:: REQUIRED WORK ::
Pick out all lines in the listing holding the string "Vienna" and copy them.

:: GIVEN RECORDS ::
------------------------

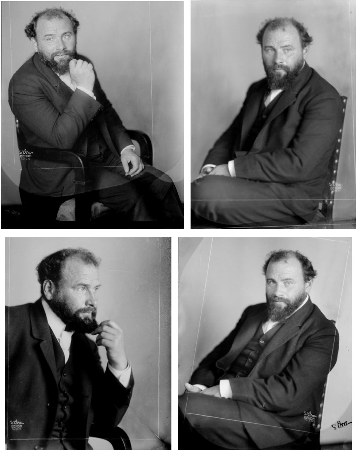
Fig. 2a–2d. Madame d’Ora-Benda, Gustav Klimt in a three-piece suit, 1908. Original glass plates with cutting marks of Atelier d’Ora-Benda, Austrian National Library/Vienna, inv. no. 203435-D, 203436-D, 203437-D, 203438-D.

presented them to friends as mementos. Gustav Klimt used one picture from this portrait series as his passport photo. The passport was issued on 24 May 1917 by the Imperial and Royal Police Authority in Vienna and permitted Klimt to undertake “recreational trips” during the war years within Austria 26 (Fig. 4).
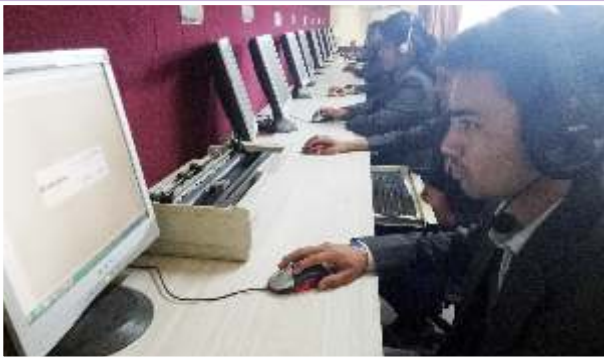
Visual Classroom lets you collaborate in real time during online delivery of classes and training sessions
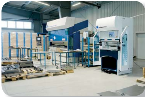
Bending workplace TRUMPF-TRUBEND
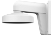
Wall mount DS-1273ZJ-135
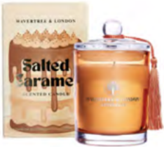
Salted Caramel Candle
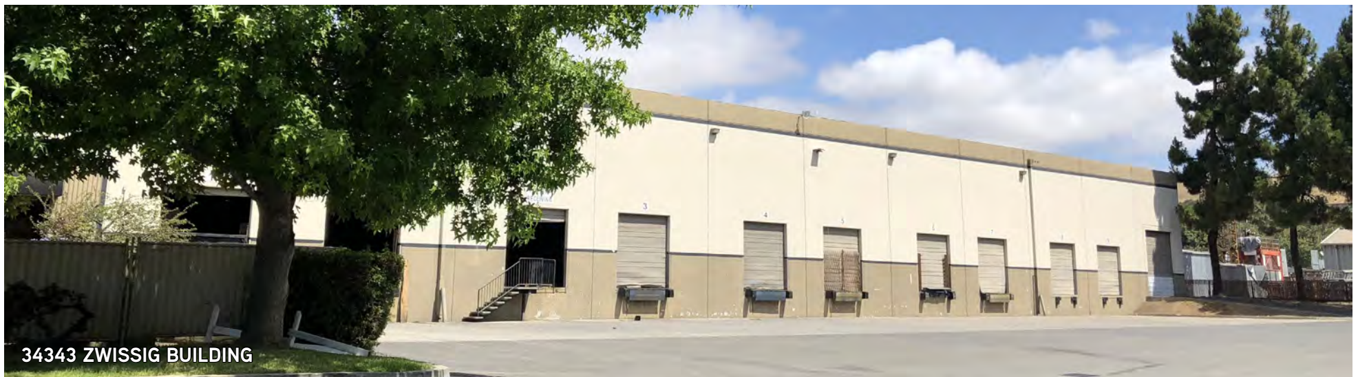
34343 ZWISSIG BUILDING
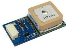
Figure 6. Ardu Pilot Mega, Ardu IMU Shield and Mediatek GPS

The target fuselage is made of composite materials, based on epoxy resin, glass fabric reinforced and carbon tape hardened. The wings and empennage are cut from polystyrene, covered with 1 mm thick balsa wood and a layer of glass fiber, vacuum formed. Figure 7 presents the 3D general assembly.
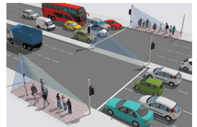
Traffic & Pedestrian Control
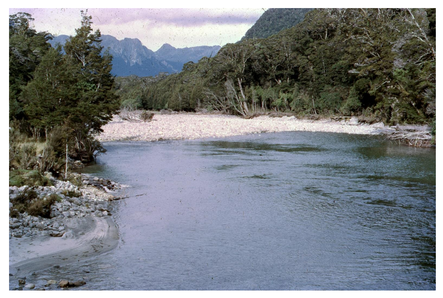
Confluence of the Worsley and Castle rivers looking down stream.

Next stop was the confluence of Terminus creek, there is a nice open area and flat there, with a good patch of "Green" across from the mouth running up the side of the valley.
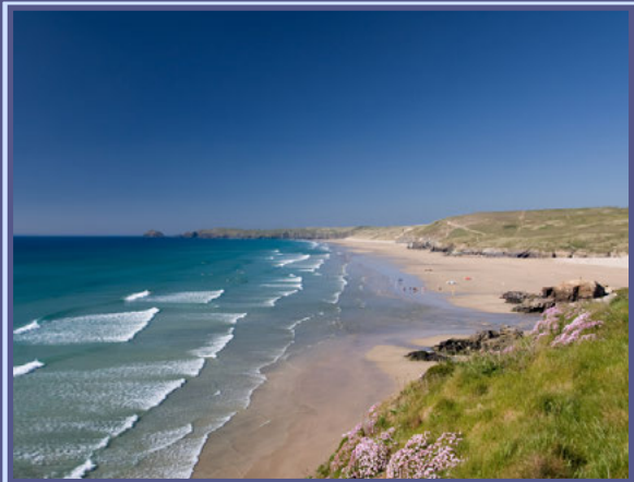
Perranporth Beach, Cornwall
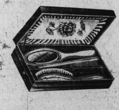
and up to $2.00.

------------------------

:: RESULT FOR THIS EXERCISE ::
Fig. 2a–2d. Madame d’Ora-Benda, Gustav Klimt in a three-piece suit, 1908. Original glass plates with cutting marks of Atelier d’Ora-Benda, Austrian National Library/Vienna, inv. no. 203435-D, 203436-D, 203437-D, 203438-D.
presented them to friends as mementos. Gustav Klimt used one picture from this portrait series as his passport photo. The passport was issued on 24 May 1917 by the Imperial and Royal Police Authority in Vienna and permitted Klimt to undertake “recreational trips” during the war years within Austria 26 (Fig. 4).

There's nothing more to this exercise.